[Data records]

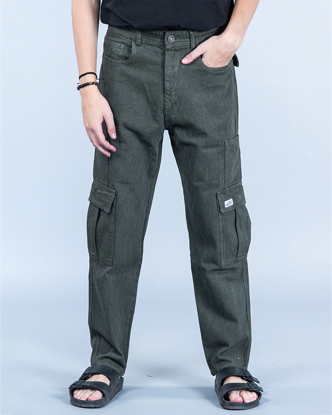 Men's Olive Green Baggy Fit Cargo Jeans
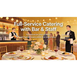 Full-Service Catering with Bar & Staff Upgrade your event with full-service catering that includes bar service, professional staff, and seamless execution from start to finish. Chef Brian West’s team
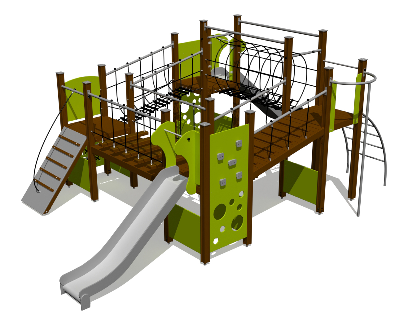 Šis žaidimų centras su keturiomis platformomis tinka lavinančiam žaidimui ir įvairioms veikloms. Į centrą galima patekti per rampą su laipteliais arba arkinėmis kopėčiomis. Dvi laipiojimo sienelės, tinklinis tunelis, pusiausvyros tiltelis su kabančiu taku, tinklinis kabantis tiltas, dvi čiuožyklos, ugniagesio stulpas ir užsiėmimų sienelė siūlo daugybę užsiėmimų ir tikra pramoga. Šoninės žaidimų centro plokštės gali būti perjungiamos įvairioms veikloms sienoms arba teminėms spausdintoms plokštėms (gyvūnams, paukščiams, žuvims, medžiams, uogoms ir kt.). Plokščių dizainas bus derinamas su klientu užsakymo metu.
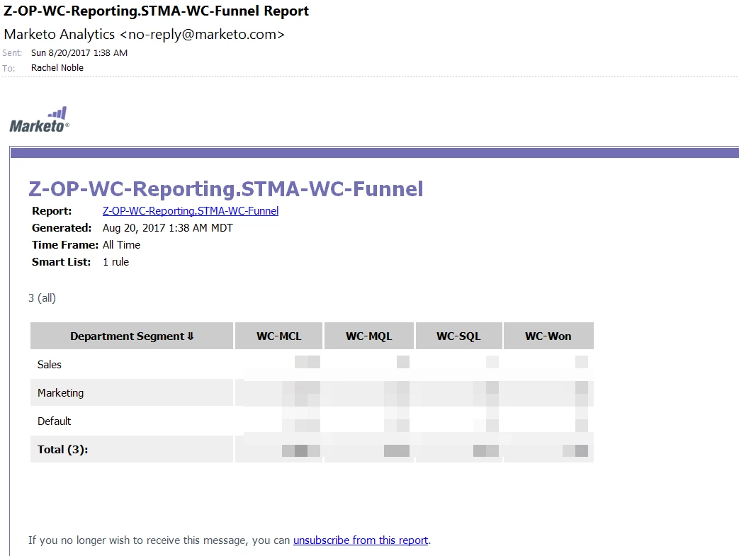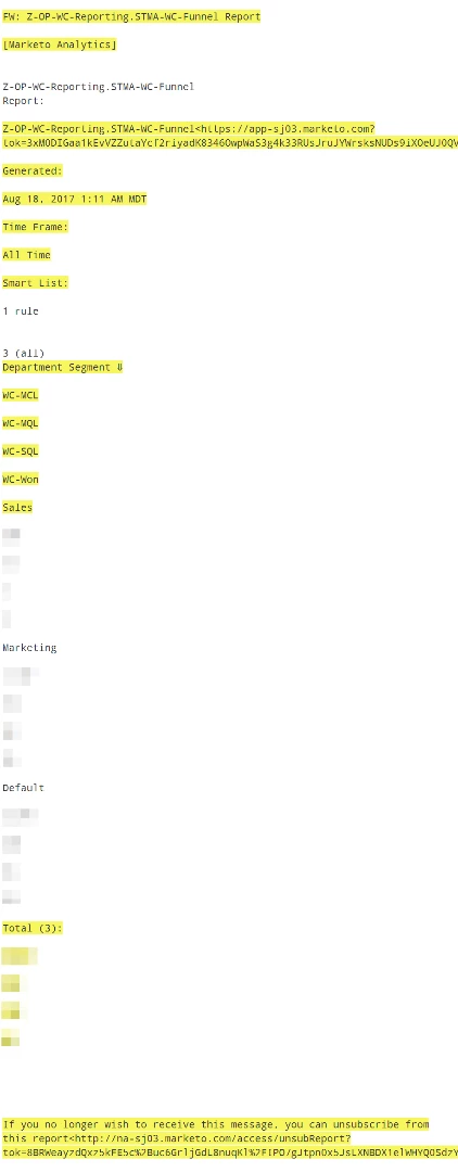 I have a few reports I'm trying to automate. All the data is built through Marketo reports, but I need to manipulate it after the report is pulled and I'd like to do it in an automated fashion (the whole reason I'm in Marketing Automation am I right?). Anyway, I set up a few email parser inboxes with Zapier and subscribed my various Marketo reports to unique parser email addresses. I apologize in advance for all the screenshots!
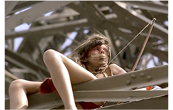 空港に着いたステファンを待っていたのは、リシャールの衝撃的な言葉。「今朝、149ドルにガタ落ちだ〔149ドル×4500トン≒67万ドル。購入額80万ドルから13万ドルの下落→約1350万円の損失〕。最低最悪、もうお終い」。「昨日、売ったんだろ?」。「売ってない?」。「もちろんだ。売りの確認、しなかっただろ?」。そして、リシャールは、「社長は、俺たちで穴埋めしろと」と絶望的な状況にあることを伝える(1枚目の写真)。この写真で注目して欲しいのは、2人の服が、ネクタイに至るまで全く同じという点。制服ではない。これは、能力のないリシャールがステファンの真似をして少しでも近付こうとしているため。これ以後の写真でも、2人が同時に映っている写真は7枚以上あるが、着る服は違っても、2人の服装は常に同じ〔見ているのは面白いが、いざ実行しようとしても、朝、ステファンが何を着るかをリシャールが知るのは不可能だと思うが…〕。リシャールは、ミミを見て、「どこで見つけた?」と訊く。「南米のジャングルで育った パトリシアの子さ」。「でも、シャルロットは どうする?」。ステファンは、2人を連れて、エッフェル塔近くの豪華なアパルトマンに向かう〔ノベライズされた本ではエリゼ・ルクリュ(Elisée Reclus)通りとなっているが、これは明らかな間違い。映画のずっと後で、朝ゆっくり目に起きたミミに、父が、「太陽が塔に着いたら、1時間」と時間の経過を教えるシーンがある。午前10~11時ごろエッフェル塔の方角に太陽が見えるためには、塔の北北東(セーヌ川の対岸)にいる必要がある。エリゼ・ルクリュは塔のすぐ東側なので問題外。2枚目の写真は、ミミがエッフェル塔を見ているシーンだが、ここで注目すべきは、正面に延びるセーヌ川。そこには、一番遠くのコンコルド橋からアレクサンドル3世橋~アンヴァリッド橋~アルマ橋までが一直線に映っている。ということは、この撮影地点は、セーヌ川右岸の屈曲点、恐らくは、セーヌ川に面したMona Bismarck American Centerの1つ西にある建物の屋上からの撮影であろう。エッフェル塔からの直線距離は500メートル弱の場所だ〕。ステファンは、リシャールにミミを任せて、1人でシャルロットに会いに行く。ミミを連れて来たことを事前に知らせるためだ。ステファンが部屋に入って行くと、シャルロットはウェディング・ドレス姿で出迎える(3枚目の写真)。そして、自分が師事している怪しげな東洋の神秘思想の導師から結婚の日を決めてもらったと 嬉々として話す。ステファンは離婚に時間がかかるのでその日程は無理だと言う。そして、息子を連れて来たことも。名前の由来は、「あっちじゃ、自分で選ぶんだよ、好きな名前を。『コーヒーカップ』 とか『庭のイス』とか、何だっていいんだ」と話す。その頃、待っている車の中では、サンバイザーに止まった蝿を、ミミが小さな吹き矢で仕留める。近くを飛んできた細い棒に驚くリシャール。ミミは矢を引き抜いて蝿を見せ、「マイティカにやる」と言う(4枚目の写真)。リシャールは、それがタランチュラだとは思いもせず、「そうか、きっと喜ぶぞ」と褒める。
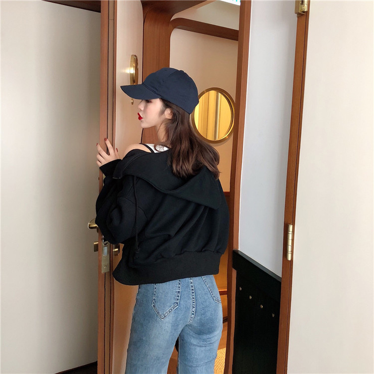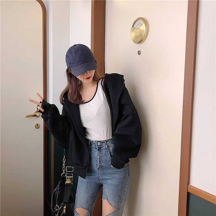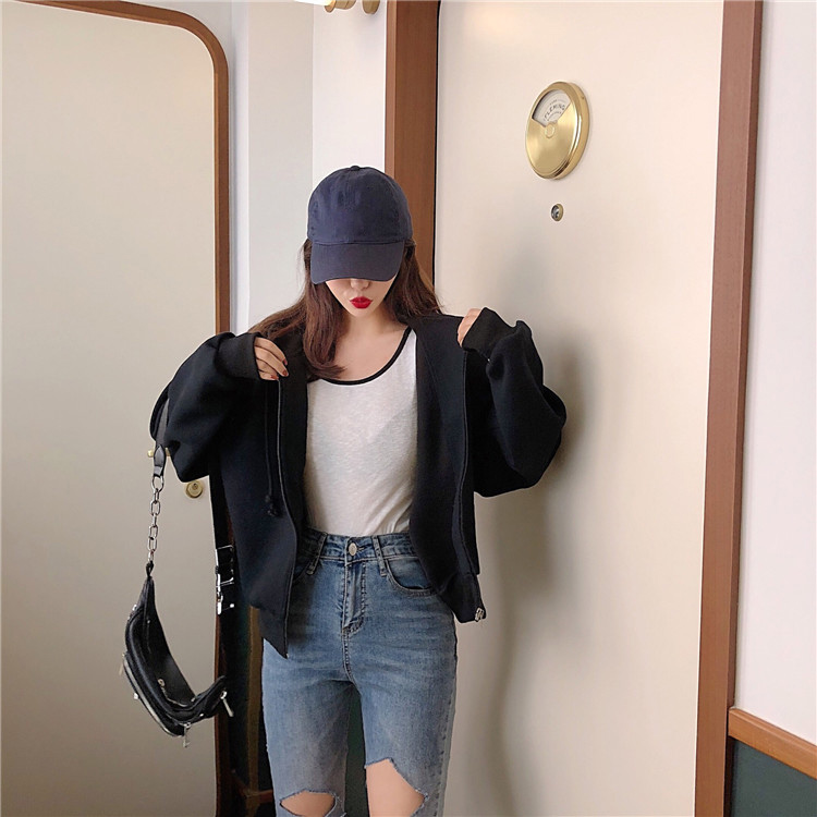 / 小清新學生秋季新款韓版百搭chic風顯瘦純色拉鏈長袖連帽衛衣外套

▶ _Work to complete_: All lines from the start of the entries through the one with "Full-Service Catering with" are to be output exactly; omit the pictures.

▶ _Final answer_:
 Men's Olive Green Baggy Fit Cargo Jeans
 Full-Service Catering with Bar & Staff Upgrade your event with full-service catering that includes bar service, professional staff, and seamless execution from start to finish. Chef Brian West’s team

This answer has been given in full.